» **INPUT DATA**
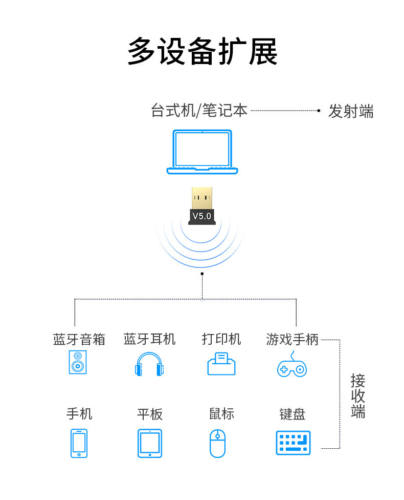 5.0 Bluetooth Adapter Computer USB Audio Wireless Receiver Headphone Keyboard Dedicated Transmitter
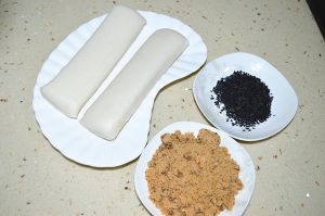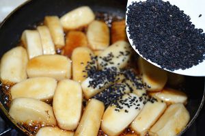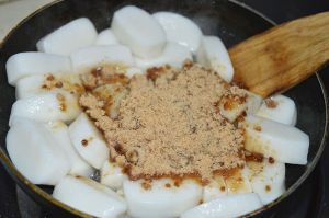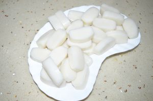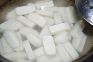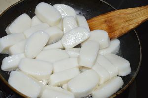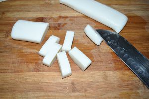将年糕洗净,放在案板上切开。(大概1公分左右的厚度)
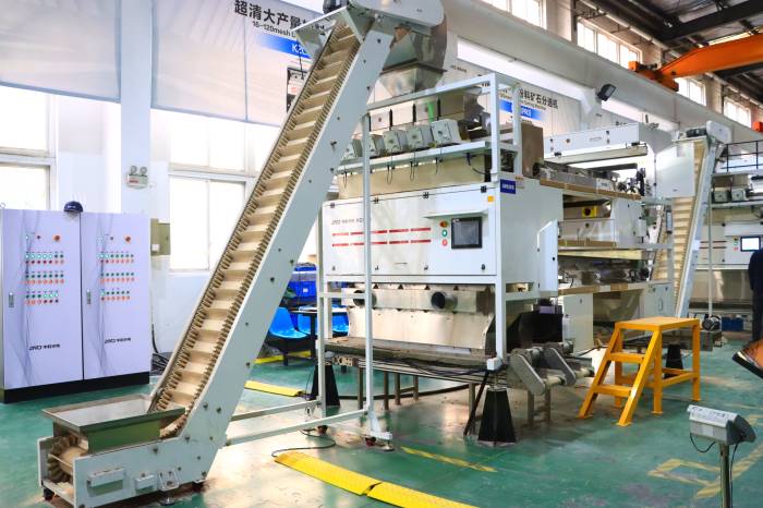随后,众人前往设备车间,陈经理现场演示了干湿颗粒通用矿石分选机的运行效果。该设备搭载深度学习技术,针对1-3公分的碳酸钙矿石原料,能高效剔除浅灰色、浅黄色等次品,每小时处理量达16-20吨,完全满足碳酸钙客户的分选需求。据了解,该设备适用范围广泛,可实现2-50毫米干料、10-50毫米湿料的精准分选,在非金属矿、黑色矿石、有色矿石及贵金属等矿物分选场景中表现突出。
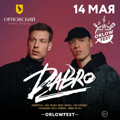 Хедлайнером Orlow Fest 2022 станет группа Dabro («Дабро») – знаменитый дуэт из Казани, в состав которого входят братья Михаил и Иван Засидкевичи. Популярность обрушилась на Dabro в 2020-м после релиза трека «Юность». Эти простые и понятные всем эмоции очень подходят под тематику майского события — юность, первая любовь, свежие чувства, романтика!
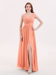 V Neck Chiffon And Lace Dress with Slit Sunset
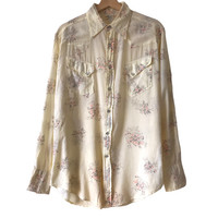 Eternal Japan Thin Cotton Floral Americana Western Shirt. Tag Eternal, made in Japan. Size : L Measurement : Width (Armpit-armpit) : 21.5 Inch Length (Shoulder to bottom) : 30.5 Inch Material : Cotton Condition : A A+ = Perfect! (Almost new/new/deadstock) A = Great (All in good shapes. No fade spot/fades). B+ = Vintage looks (minor fade spot/fades). B = Vintage looks with minor defect (stain/rip or hole/minor damage). Please read our shop policies before buying. Please also check the details and measurement. If you need further details, do contact us. Thank you for viewing!

» **WORK INSTRUCTIONS**
Starting at the first line of the data, set down each line exactly until you have copied the line with "V Neck Chiffon", but leave the pictures out.

» **RESULT OF THE TASK**
 5.0 Bluetooth Adapter Computer USB Audio Wireless Receiver Headphone Keyboard Dedicated Transmitter
将年糕洗净,放在案板上切开。(大概1公分左右的厚度)
随后,众人前往设备车间,陈经理现场演示了干湿颗粒通用矿石分选机的运行效果。该设备搭载深度学习技术,针对1-3公分的碳酸钙矿石原料,能高效剔除浅灰色、浅黄色等次品,每小时处理量达16-20吨,完全满足碳酸钙客户的分选需求。据了解,该设备适用范围广泛,可实现2-50毫米干料、10-50毫米湿料的精准分选,在非金属矿、黑色矿石、有色矿石及贵金属等矿物分选场景中表现突出。
 Хедлайнером Orlow Fest 2022 станет группа Dabro («Дабро») – знаменитый дуэт из Казани, в состав которого входят братья Михаил и Иван Засидкевичи. Популярность обрушилась на Dabro в 2020-м после релиза трека «Юность». Эти простые и понятные всем эмоции очень подходят под тематику майского события — юность, первая любовь, свежие чувства, романтика!
 V Neck Chiffon And Lace Dress with Slit Sunset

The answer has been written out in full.